Monday 26 March 2007

What Moves You (Part II)

This is the 2nd post in the series. Click here for the 1st.

Ty and Nat started talking about a conversation they had a while ago with some bigwigs up in Portland. They were having dinner with said bigwigs when everyone started going around the table and describing what drove them through life. Natalie’s driving force was change. This didn’t surprise me.

I first met Natalie and Tyrone immediately after the Ralph Nader campaign in 2000. We were fresh, young idealists, and change was in the air. We shared a vision – one where people lived in tune with the environment and in tune with each other - and we firmly believed with a little bit of hard work, we could make it happen. We had no idea how much the odds were stacked against us, but the cold, hard door of reality slammed in our faces quickly enough. Years later, we’re no longer the fresh, young idealists we used to be. “I wouldn’t bet on it,” Natalie said, referring to the change we all hoped for, “but I still believe it could happen, and that’s what keeps me going.”

I knew Tyrone’s answer before he even said it – compassion. Tyrone’s a reader, a thinker, a philosopher – an Eastern philosopher to be exact. Mixed between Natalie’s copy of Marx’s Kapital, and various offerings by Noam Chomsky, you’ll find books by The Dali Lama, Ken Wilbur, and other Eastern-type philosophers. Those are Tyrone’s. But my knowledge of his answer came from more than that. Tyrone and I are alike in a lot of ways – not all ways, but many – especially in matters of the mind and spirit.

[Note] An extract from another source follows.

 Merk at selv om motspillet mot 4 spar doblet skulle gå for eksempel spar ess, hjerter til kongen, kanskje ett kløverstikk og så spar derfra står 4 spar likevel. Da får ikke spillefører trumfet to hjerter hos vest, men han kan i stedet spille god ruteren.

Then, like I hoped they would, like I knew they would, they asked what drove me. “Whew, that’s a good question,” I said looking away, taking a deep breath, trying to concentrate. I knew the answer, but how to put it into words??? So, I just jumped in. “I want to feel alive. I want to feel everything,” I said thinking for a moment, “but then sometimes it all gets to be too much, and I don’t want to feel anything.” They were looking at me intensely. So I went on. “And it changes from day to day. Sometimes I’m driven by selfish desires and other times they’re more altruistic, and I can feel those forces inside me struggling all the time.” I took a deep breath again. My heart was pounding, my blood was pumping, my skin tingling. Tyrone and Natalie were nodding their heads in agreement – egging me on. “What I really want is freedom. I want to live in a world where people can be free to be who they really are without worrying about what others think, where people don’t have to be afraid to be different. I guess what I really want is a world where people don’t judge each other so harshly.” I looked at them, and they looked at me, and there was nothing more to say. At that moment, there were no more questions to answer, no more fears to slay, no more doubts to vanquish.

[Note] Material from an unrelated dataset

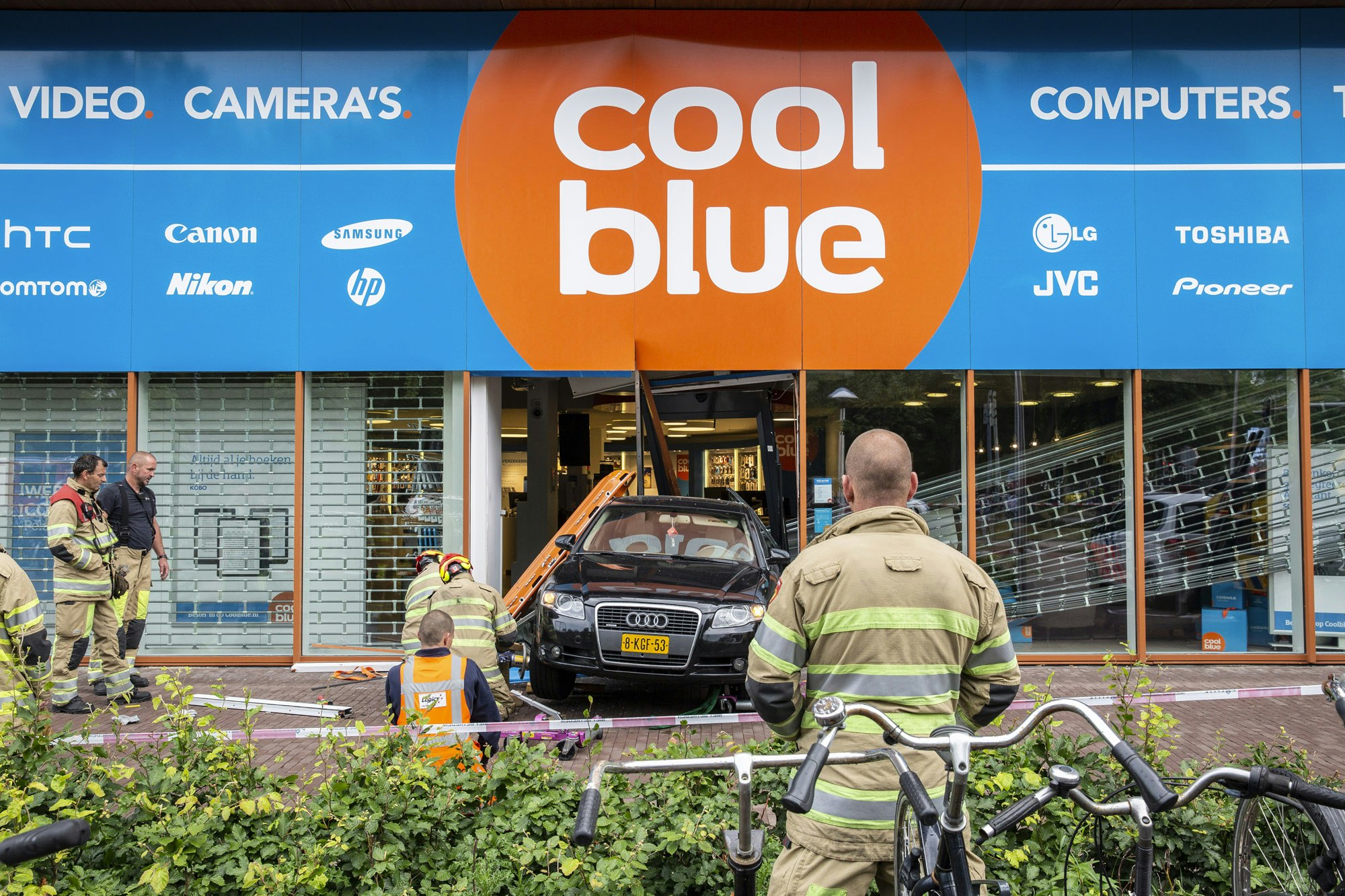 Een zwarte Audi boorde zich bij de elektronicawinkel aan het Europaplein in Utrecht naar binnen. Rondom de winkel lagen smartphones verspreid op straat. Enkele tientallen meters verderop lag de groene scooter die is klemgereden.

“Conformity,” Tyrone said and I knew he understood. We all knew. We knew because our answers were just different ways of saying the same thing. Where there is compassion, there is no judgment. Judgment can only occur when you separate yourself from someone or something, and if you have compassion, you cannot separate. As the Buddhists, Taoists, Hindus or any wise man or any wise woman would say, that’s when you become one. And I have to believe in a world where that’s possible. I have to believe in change. Because if I didn’t, I really wouldn’t see any point in anything.